Subscribe to enjoy similar stories. The Indian stock market has faced significant turbulence recently, with the Sensex and Nifty showing sharp declines and heightened volatility. Broader indices, not far from their 52-week lows, also reflect growing investor anxiety amid a series of negative developments.
After disappointing earnings in Q1 and Q2, market experts believe only a tepid recovery will be visible in Q3, with a rebound likely pushed to Q4. This suggests that market pressure could persist longer than anticipated. However, these headwinds also present opportunities.
Some fundamentally strong stocks have taken a hit, not due to company-specific issues but broader market dynamics. For investors with a long-term view, this could be a chance to pick up quality stocks at attractive prices. With this in mind, let’s take a look at five stocks that have corrected sharply but could offer deep value for patient investors.

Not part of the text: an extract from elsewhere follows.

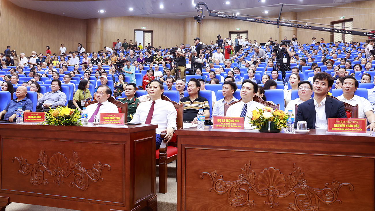 Từ phải qua: Phó Bí thư Tỉnh ủy, Chủ tịch HĐND tỉnh Nguyễn Việt Oanh; Phó Chủ tịch Thường trực HĐND tỉnh Trần Thị Hằng; Phó Chủ tịch HĐND tỉnh Lâm Thị Hương Thành; Phó Chủ tịch UBND tỉnh Lê Xuân Lợi; Trưởng Ban Tuyên giáo và Dân vận Tỉnh ủy Nguyễn Đình Lợi và các đại biểu dự Liên hoan Chèo toàn quốc năm 2025.

ACC, India’s third-largest cement company, has a national presence with a capacity of 36 million tonnes (mt). Ambuja holds a 51% stake in ACC and together, they control 70 million mt, the second-largest capacity in India after UltraTech. These two companies account for 11% of the country’s cement industry capacities.
At a price to earnings (PE) ratio of 15.5, ACC’s stock trades at a discount compared to the industry average of 35.5 and its 5-year median PE of 23. Despite strong volume growth, ACC’s current valuation is under pressure due to weak cement prices and low profitability. While the company has made strides in boosting trade sales and increasing premium cement volumes, its realization per ton has dropped and profitability remains a concern.